Thursday, December 10, 2015

LIGHT AT THE END OF THE TUNNEL

I have had a lot of time to think about time and life and people and experiences as I waited for acknowledgment from people who have no manners or class and patience as I waited for my paperwork to pass through bureaucratic red tape as I almost fell through the cracks, but with persistence and determination I made it through and all is well.

I have been waiting for eight long years for this particular time in my life.  A time when I can begin to rebuild what was lost in that horrible housing crash of 2008, you know, when most of the world got screwed over by greed and the banks got bailed out, but the people didn't get help.

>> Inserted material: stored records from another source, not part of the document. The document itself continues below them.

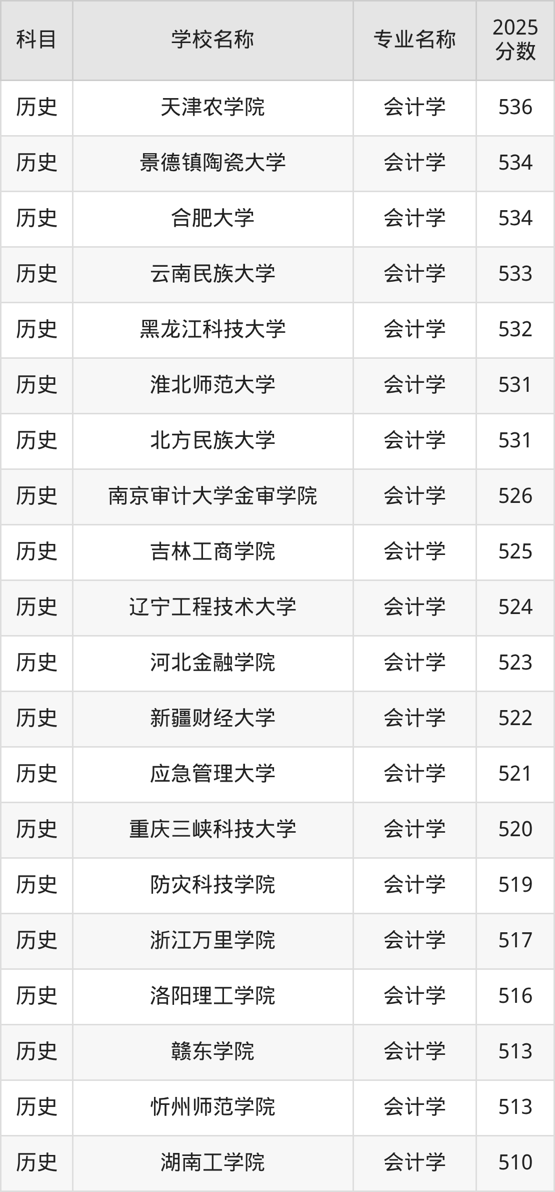 内蒙古高考历史组:会计学专业的最低分是459分~571分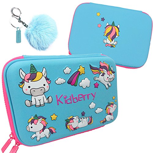 Pencil case for kids, The original brand Kidberry pen case for kids,pencil pouch, girls pencil case, Cute Unicorn 3D Unique design pencil box, comes with a matching Pom Pom key chain in a gift box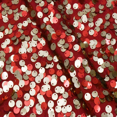 Red/Festive Gold Sequined Knit Fabric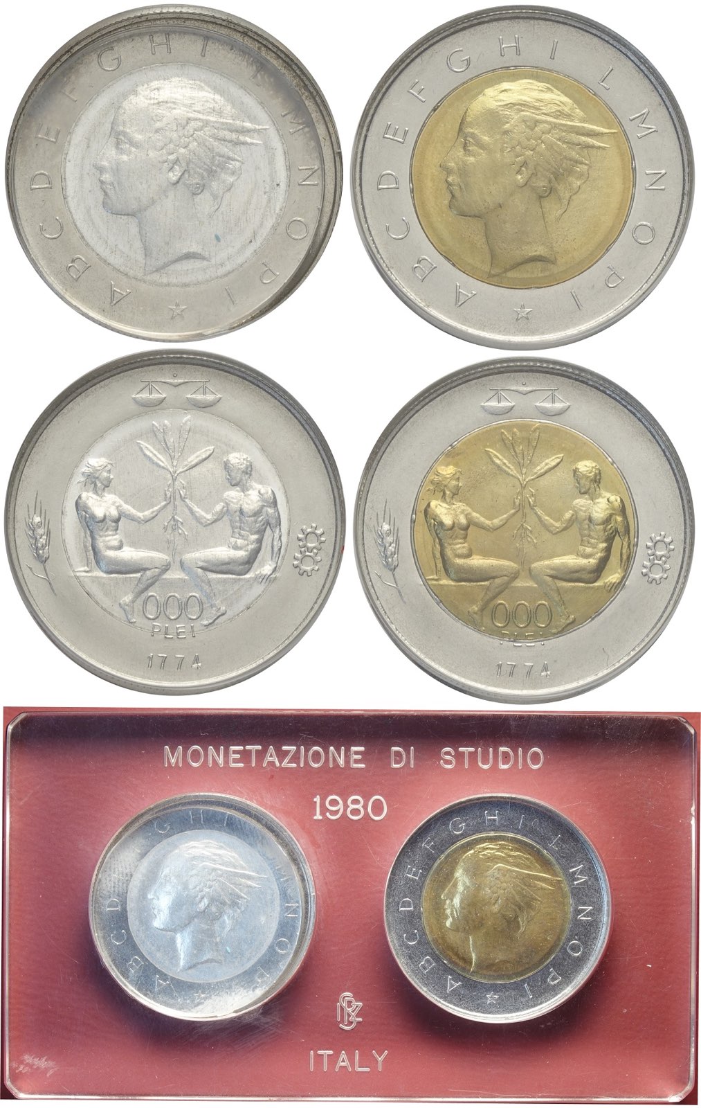 Repubblica Italiana, Monetazione in Lire (1946-2001), 500 Lire 1980 Progetto di due esemplari, uno bimetallico e uno apparentemente in ... Read more

I lived in fear of always having to live in the world I had to survive in over the past eight years and am thankful to finally be seeing the light at the end of the tunnel, thank you very much!  Just surviving is one of the worst things in the world, even when you are good at it.  I thankfully, didn't have to compromise any of my values or morals or degrade my self, but I am sure there are people whom have had to and are still doing so; there by the grace of god goes any one of us for sure!

While practicing patience, I also had to practice kindness and remember during this time, that golden rule, "If you don't have anything nice to say, don't say anything at all"  I was feeling the stress of and the residue of reality - which I always try to live in, but like some people, stick my head in the sand and pretend that what I am experiencing isn't really happening.

Since I am obeying the golden rule I will not elaborate, but can only say that I am not surprised by the behavior of a couple of individuals whom I gave my time and energy when they needed it, until they didn't need it, who acted and still act like asses who are not worthy of my time, support, energy or presence.

I had a wonderful Thanksgiving with my boys, my sons Dad, my daughter in law and my sweet grandchildren to remind me, once again, on what is important.  Family, fellowship, faith and love (and food, of course.)  The bond that we have is one which gets stretched at times very thin, but always snaps back and lasts no matter what.

As we approach the Christmas Season I continue to be thankful and grateful for everything.  There is much gladness in my heart and for the first time in so many years I think I have the spirit in me once again.

I look forward to the New Year to mark a fresh beginning full of hope, dreams and possibilities and oh yeah, new goals!!!!  I look forward to my light shining brighter than ever.  How far it reaches we shall see - the future looks very bright to me indeed!

My hope for all of you who have been so dedicated and patient and a large part of why I write and why I don't at times, is for you to have the best year and find some way to shine as well.  Some of you I somehow inspire and some of you inspire me a great deal, so thanks for that!

Much to do over the next 15 days between decorating, baking, cooking and planning so I am not making a promise that I will be writing every day, it seems that every time I do my plans go askew, so when I can I will and that is the best I can do!